II. FACTS AND PROCEEDINGS
Harvey Eder worked for MK-Rivers on a construction project related to the Alaska pipeline. He injured his neck at work in July 1975 and -received temporary total disability (TTD) for the injury. In a 1977 decision the Alaska Workers’ Compensation Board denied further TTD because it thought Eder was “exaggerating his problems for secondary gain (additional compensation).”
Eder moved back to California and at one point worked for a locksmith. He was injured in a work-related car accident in the early 1980s while working for that business and received California workers’ compensation benefits for those injuries. Doctors in California attributed a percentage of Eder’s disability to the initial Alaska injury.
Eder filed a pro se written claim for permanent total disability (PTD) in Alaska in 1986; the record reflects that he was raising a claim for a “latent defect” at that time. Shortly after Eder filed the claim an attorney entered an appearance on his behalf. Nothing in the record indicates the Board held a hearing on the 1986 claim, and at the 2014 hearing M-K Rivers’s attorney said, “That [1986 claim] disappeared. It just went away.” The record contains several depositions taken in the Alaska case from the 1980s as well as a “Statement of Readiness to Proceed” filed on Eder’s behalf. In the Board’s 2014 decision, the Board did not discuss the 1986 written claim, saying only that Eder “sought assistance from [an] ... attorney ... in 1986 to explore reopening his claim”; the Board noted Eder’s testimony that his attorney had died and because of his death “the claim was not pursued.”
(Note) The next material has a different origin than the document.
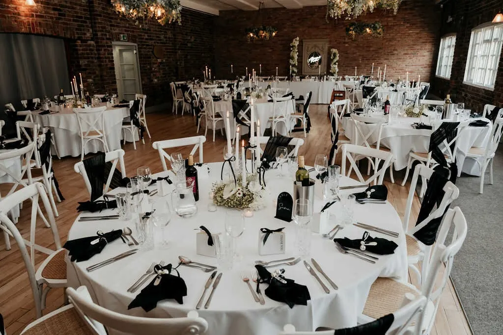 When the doors opened later in the afternoon, guests were invited to take their seats. The space was set with a long top table for the newlyweds and round tables for their guests, all dressed with white linens. Hope and Craig had chosen to provide their own centrepieces, adding personal touches that reflected their style and vision for the celebration.

Eder began to experience mental health problems at some point in the 1980s. His psychiatric diagnoses included paranoid schizophrenia, polysubstance abuse disorder, dysthymic disorder with anxiety, and “somatic delusion.” His treating psychiatrist in California attributed his mental decompensation to the work-related car accident, and the judge in the California workers’ compensation case apportioned about 60% of Eder’s mental disability to that accident.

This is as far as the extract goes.